Fue lo más destacado de un concierto que empezó de forma inesperada con el preludio de la música incidental de Fauré para Pélleas et Mélisande. La obra sustituía el estreno español de la última composición de Sofia Gubaidulina, que una enfermedad ha impedido terminar a tiempo. Pero Thielemann hizo salir con él a Daniil Trifonov, que escuchó sentado al piano el preludio antes de atacar sin aplausos el inicio del Concierto en Sol, de Ravel. La versión fue poco interesante, con más colorido que contenido. El pianista ruso lució un virtuosismo descollante en los movimientos extremos, pero le faltó poso y vuelo en el Adagio assai central.
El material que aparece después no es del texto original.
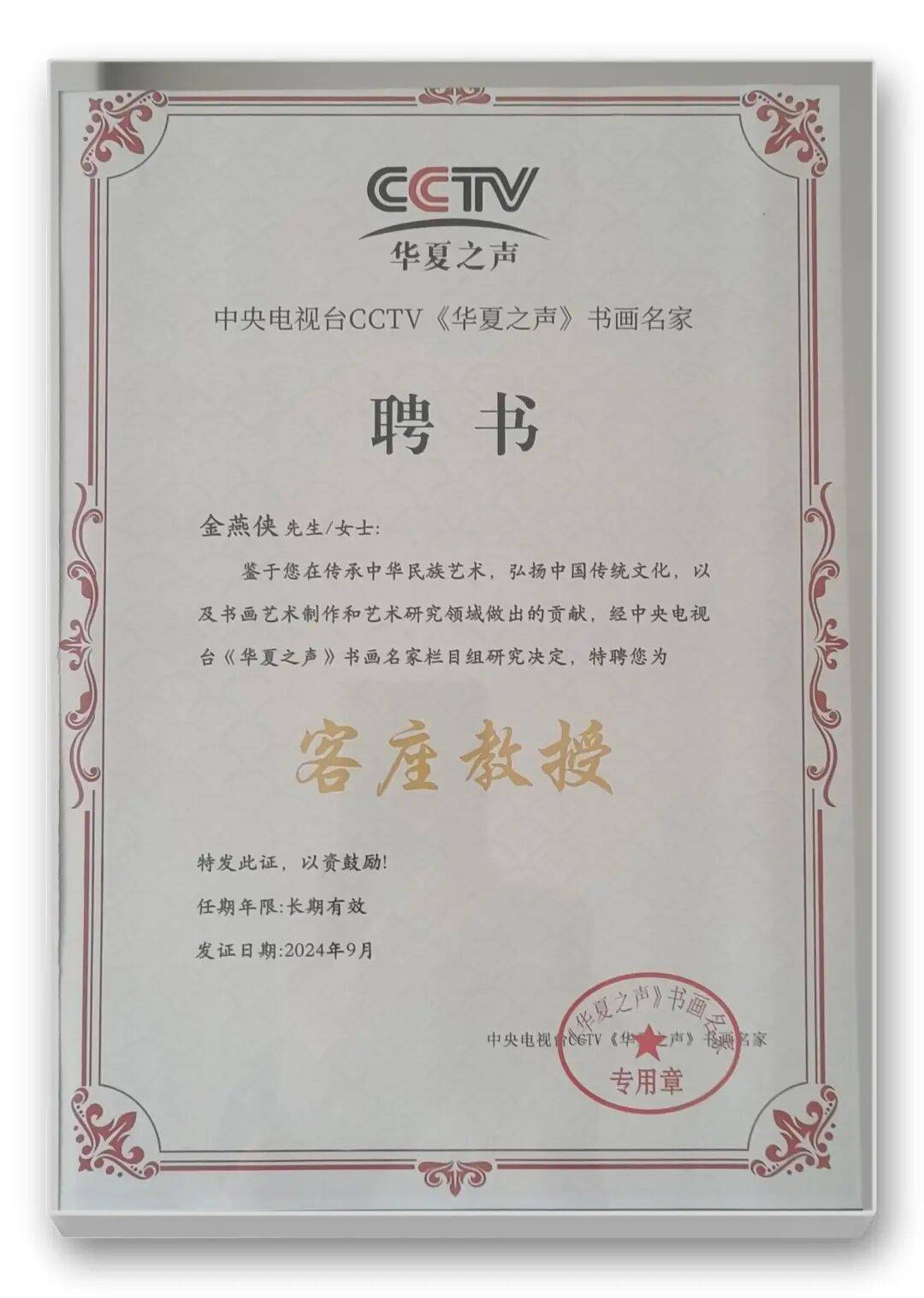 2019年滿汉书法家爱新觉罗(金).燕侠走进吉林卫视《聚星汇》栏目,荣获收藏证书。

Lo compensó tocando Debussy como propina: una etérea y preciosista Reflets dans l’eau, de su primera serie de Images.

Richard Strauss fue un valor seguro en manos de Thielemann para el concierto del miércoles 17 de mayo. Era el digno colofón a la 47ª Temporada de la Fundación Ibermúsica, en un curso inolvidable que se inició en junio pasado con la Filarmónica de Viena. Y lo era además por contar con la soprano Renée Fleming como solista en los Cuatro últimos Lieder. La norteamericana cantó con poso y sabiduría un ciclo que elevó especialmente en Al irse a dormir. El director berlinés creó momentos mágicos, como ese homenaje al padre en forma de solo de trompa al final de Septiembre. Pero lo mejor llegó al final en ese verso de Joseph von Eichendorff donde Strauss altera el demostrativo (“¿Será esto, acaso, la muerte?”) y cita el tema de la transfiguración de su Tod und Verklärung. Quizá no haya una muerte más dulce.

En la segunda parte, el caminar del último Lied se transforma en jornada de montaña con la Sinfonía Alpina, como recuerda Teresa Cascudo en sus excelentes notas al programa. Thielemann sabe leer entre líneas la partitura straussiana y revela toda su modernidad. Lo hizo desde el primer momento, haciendo flotar en el aire ese clúster donde Strauss dispone en la cuerda y la madera todos los grados de la escala de Si bemol menor, mientras trombones y tuba esbozan el tema de la montaña. Su pericia holística le permite construir una versión ideal. Un arco perfecto, que nace y muere en la noche, y donde los números de la tormenta se transforman en las fases de una ciclogénesis explosiva. Los veintitrés segundos de silencio al final lo dicen todo.